Dall’altro lato, ma pur sempre in questo Occidente, vi è chi, sfidando la
cortina ideologica, il costume imperante e i tanti, insospettabili, vopos di
una società sempre più totalitaria, incomincia ad aprire gli occhi dinanzi al
reale e a realizzare i tanti fallimenti di un uomo che ha preteso di farsi Dio
e che oggi mira a superare l’umano come ultimo limite.
Una cosa deve essere allora chiara: non siamo qui per fare una mesta
orazione funebre.
Non siamo qui neppure per un’operazione di mera retrospettiva dei danni
causati da un’antropologia secolarizzata e relativista, disperata e disperante
pur sotto la doratura superficiale di una tecnica che promette di trasformare i
desideri in diritti.
Siamo qui non per piegarci su un mondo morente che non è la nostra patria,
ma per liberare la nostra vera patria da chi ne ha usurpato nome e
rappresentanza.
Siamo consapevoli che la crisi è plurisecolare ed è profonda e che non ha
risparmiato nessuno, neppure la Chiesa, nella misura in cui il Corpo mistico di
Cristo tocca terra e ha a che fare con questo mondo.
Così come siamo consapevoli che in questo cambio d’epoca l’alternativa,
come ebbe ad ammonire Giovanni Cantoni, o è totale e diametrale, o finisce con
l’essere un’ennesima sfumatura del cedimento.
Siamo, infine, consapevoli che quella visione dell’uomo che è all’origine
dell’Occidente e che ha prodotto grandi civiltà, compatibilmente con la
strutturale imperfezione umana, non può morire, perché affonda le sue radici
nella verità sull’uomo.
Ed allora siamo qui per piegarci sull’uomo piagato dalle ferite
provocategli da questo falso occidente che muore, per far risvegliare in lui la
nostalgia di un futuro che dipende solo da noi. Perché, se è vero che occorre
ben capire con chi parliamo, in quali condizioni si trova, è altrettanto vero
che non bisogna mai perdere di vista che cosa gli diciamo e perché, cioè per
quale fine.
È il tempo della ricostruzione; un tempo che richiede l’esercizio di una
virtù particolare, quella della pazienza storica. Quella di chi è capace di
intravedere e di far intravedere -innanzitutto con il proprio esempio- il
vivido chiarore dell’alba nella melanconia dell’imbrunire.

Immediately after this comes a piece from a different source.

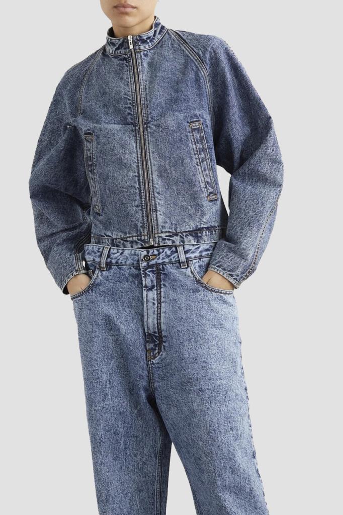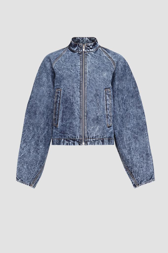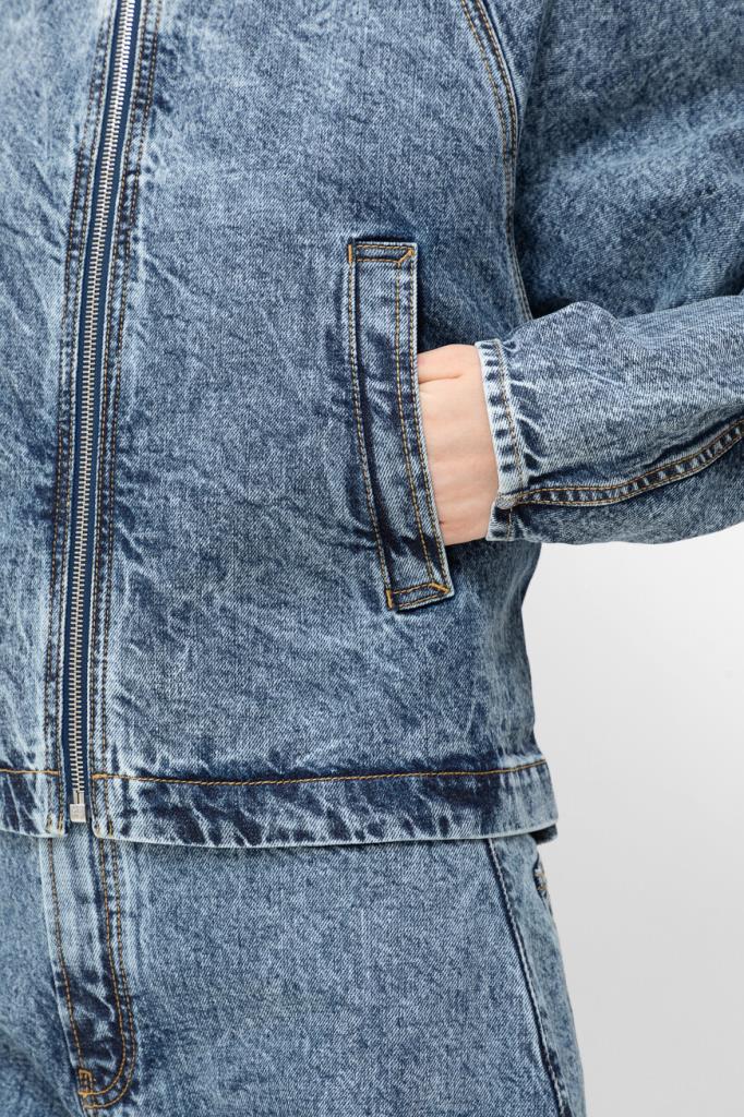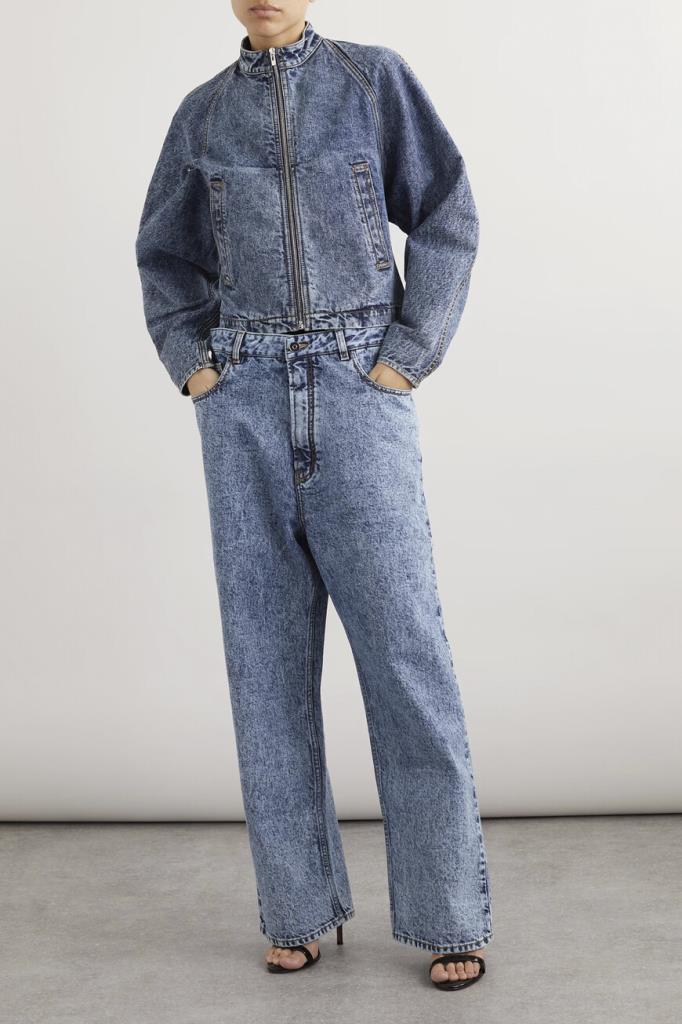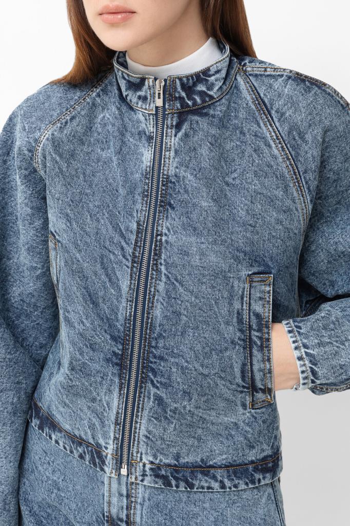 Синяя куртка полуприталенного силуэта от бренда ALAIA. Для изготовления короткой модели с выбеленным эффектом используется прочный хлопковый деним японского происхождения. Изделие застёгивается на серебристую молнию и отличается широким ремешком-сборкой сзади, подчеркивающей линию талии. Отличительными деталями стали прострочка на швах и длинные рукава округлой формы. Куртку можно сочетать с облегающим боди с невысоким воротником-стойкой и джинсами из той же коллекции.

È un atto di giustizia, che dobbiamo ai nostri padri, ma soprattutto ai
nostri figli.
Persuasi che, come ebbe a ricordare Rosario Livatino concludendo la sua
conferenza su “Fede e diritto”, “il sommo atto di giustizia è necessariamente
sommo atto di amore se è giustizia vera, e viceversa se è amore autentico”.